Kulikova Anastasiya V, Parker Jennifer K, Davies Bryan W, Wilke Claus O
Department of Integrative Biology, University of Texas at Austin, Austin, Texas, USA.
Department of Molecular Biosciences, The University of Texas at Austin, Austin, TX, USA.
bioRxiv. 2023 Nov 15:2023.11.15.567263. doi: 10.1101/2023.11.15.567263.
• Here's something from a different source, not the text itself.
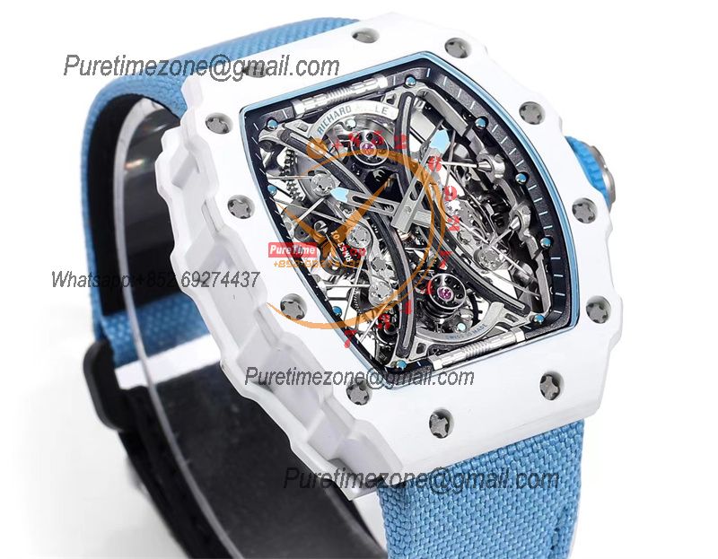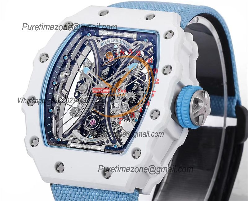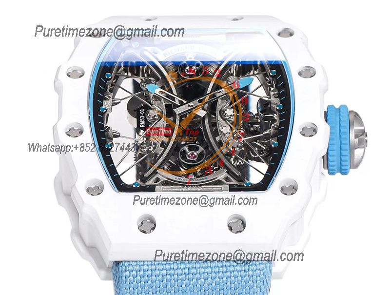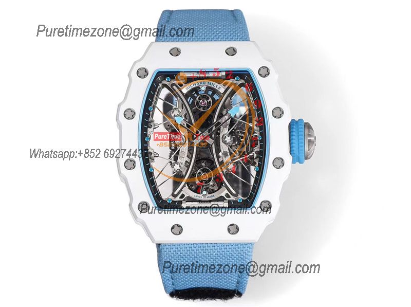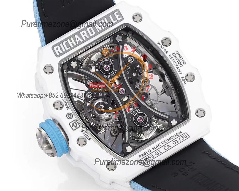 RM53-01 Pablo MacDonough Manual Wind Real Tourbillon Mens Watch RMF Best Edition White Carbon Fiber Blue Nylon CHS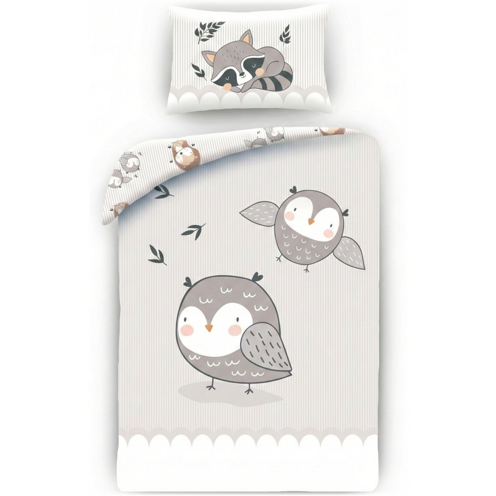 Viac o produkteTieto detské posteľné obliečky so sovičkami a mývalom sú ideálne do malej detskej postieľky alebo kolísky. Na lícnej strane obliečky na prikrývku dominujú roztomilé sovičky v jemných sivobéžových tónoch, ktoré dopĺňajú padajúce lístky. Druhá strana prikrývky je posiata drobným opakujúcim sa vzorom malých sovičiek na jemne prúžkovanom podklade. Obliečku na vankúš zdobí ilustrácia spiaceho mývala.

Class II microcins are antimicrobial peptides that have shown some potential as novel antibiotics. However, to date only ten class II microcins have been described, and discovery of novel microcins has been hampered by their short length and high sequence divergence. Here, we ask if we can use numerical embeddings generated by protein large language models to detect microcins in bacterial genome assemblies and whether this method can outperform sequence-based methods such as BLAST. We find that embeddings detect known class II microcins much more reliably than does BLAST and that any two microcins tend to have a small distance in embedding space even though they typically are highly diverged at the sequence level. In datasets of , spp., and spp. genomes, we further find novel putative microcins that were previously missed by sequence-based search methods.
II类微小菌素是一类抗菌肽,已显示出作为新型抗生素的一些潜力。然而,迄今为止,仅描述了10种II类微小菌素,新型微小菌素的发现受到其长度短和序列高度分化的阻碍。在这里,我们探讨是否可以使用蛋白质大语言模型生成的数值嵌入来检测细菌基因组组装中的微小菌素,以及该方法是否优于基于序列的方法(如BLAST)。我们发现,嵌入检测已知II类微小菌素的可靠性远高于BLAST,并且任何两种微小菌素在嵌入空间中的距离往往较小,即使它们在序列水平上通常高度分化。在大肠杆菌、肺炎克雷伯菌和铜绿假单胞菌基因组数据集中,我们进一步发现了基于序列的搜索方法之前遗漏的新型假定微小菌素。